> Problem to solve: The expected output is exactly the lines below, starting at the line with "Damen Rock A-Linie" and ending at the line with "Glowing Electric Light", both included; no other line belongs in it.

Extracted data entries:
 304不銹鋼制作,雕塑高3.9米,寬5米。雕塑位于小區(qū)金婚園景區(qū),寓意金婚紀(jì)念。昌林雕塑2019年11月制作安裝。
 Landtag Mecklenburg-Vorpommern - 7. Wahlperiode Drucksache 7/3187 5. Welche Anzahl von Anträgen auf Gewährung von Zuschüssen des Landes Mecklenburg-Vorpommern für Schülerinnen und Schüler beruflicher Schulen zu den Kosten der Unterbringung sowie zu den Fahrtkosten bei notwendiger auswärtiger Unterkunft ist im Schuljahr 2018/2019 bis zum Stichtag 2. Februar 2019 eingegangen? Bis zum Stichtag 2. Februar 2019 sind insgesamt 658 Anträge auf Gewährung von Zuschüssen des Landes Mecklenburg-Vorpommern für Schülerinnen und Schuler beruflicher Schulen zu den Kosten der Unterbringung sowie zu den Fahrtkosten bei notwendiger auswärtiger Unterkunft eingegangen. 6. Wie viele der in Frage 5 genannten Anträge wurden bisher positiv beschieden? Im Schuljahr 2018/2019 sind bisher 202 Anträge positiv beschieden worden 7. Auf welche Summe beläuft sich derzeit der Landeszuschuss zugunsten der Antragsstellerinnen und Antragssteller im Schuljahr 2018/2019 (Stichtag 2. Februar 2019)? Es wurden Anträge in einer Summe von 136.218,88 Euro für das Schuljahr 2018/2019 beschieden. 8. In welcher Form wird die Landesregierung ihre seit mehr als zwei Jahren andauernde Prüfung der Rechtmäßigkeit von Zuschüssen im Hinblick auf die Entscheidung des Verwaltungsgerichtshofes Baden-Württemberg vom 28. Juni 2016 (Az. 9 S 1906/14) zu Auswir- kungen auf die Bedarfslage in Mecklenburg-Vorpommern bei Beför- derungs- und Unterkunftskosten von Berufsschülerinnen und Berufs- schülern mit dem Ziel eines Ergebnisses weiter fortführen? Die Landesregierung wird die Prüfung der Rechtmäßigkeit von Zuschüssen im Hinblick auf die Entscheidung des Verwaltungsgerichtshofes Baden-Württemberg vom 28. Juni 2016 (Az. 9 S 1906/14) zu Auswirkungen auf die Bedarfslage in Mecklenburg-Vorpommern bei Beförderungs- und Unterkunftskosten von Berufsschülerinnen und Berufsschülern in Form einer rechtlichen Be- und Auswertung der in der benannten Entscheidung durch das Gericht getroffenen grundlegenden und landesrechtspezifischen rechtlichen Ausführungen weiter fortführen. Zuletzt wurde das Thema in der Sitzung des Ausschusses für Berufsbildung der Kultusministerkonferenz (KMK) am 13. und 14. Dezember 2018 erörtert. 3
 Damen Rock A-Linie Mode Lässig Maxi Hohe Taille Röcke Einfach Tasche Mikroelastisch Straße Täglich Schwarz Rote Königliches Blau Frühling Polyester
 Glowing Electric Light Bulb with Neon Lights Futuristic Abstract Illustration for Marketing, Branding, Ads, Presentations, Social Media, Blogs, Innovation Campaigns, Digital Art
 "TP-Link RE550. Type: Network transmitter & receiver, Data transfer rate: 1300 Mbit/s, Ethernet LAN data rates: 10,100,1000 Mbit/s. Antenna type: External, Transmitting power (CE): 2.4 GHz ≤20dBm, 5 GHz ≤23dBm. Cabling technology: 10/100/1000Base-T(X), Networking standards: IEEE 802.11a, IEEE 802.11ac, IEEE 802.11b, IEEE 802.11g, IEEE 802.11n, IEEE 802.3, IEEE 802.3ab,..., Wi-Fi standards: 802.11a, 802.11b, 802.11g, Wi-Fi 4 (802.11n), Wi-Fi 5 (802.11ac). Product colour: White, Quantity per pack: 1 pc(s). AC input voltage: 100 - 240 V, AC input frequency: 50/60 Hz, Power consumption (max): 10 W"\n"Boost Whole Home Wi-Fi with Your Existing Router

> Solved exercise:
 Damen Rock A-Linie Mode Lässig Maxi Hohe Taille Röcke Einfach Tasche Mikroelastisch Straße Täglich Schwarz Rote Königliches Blau Frühling Polyester
 Glowing Electric Light Bulb with Neon Lights Futuristic Abstract Illustration for Marketing, Branding, Ads, Presentations, Social Media, Blogs, Innovation Campaigns, Digital Art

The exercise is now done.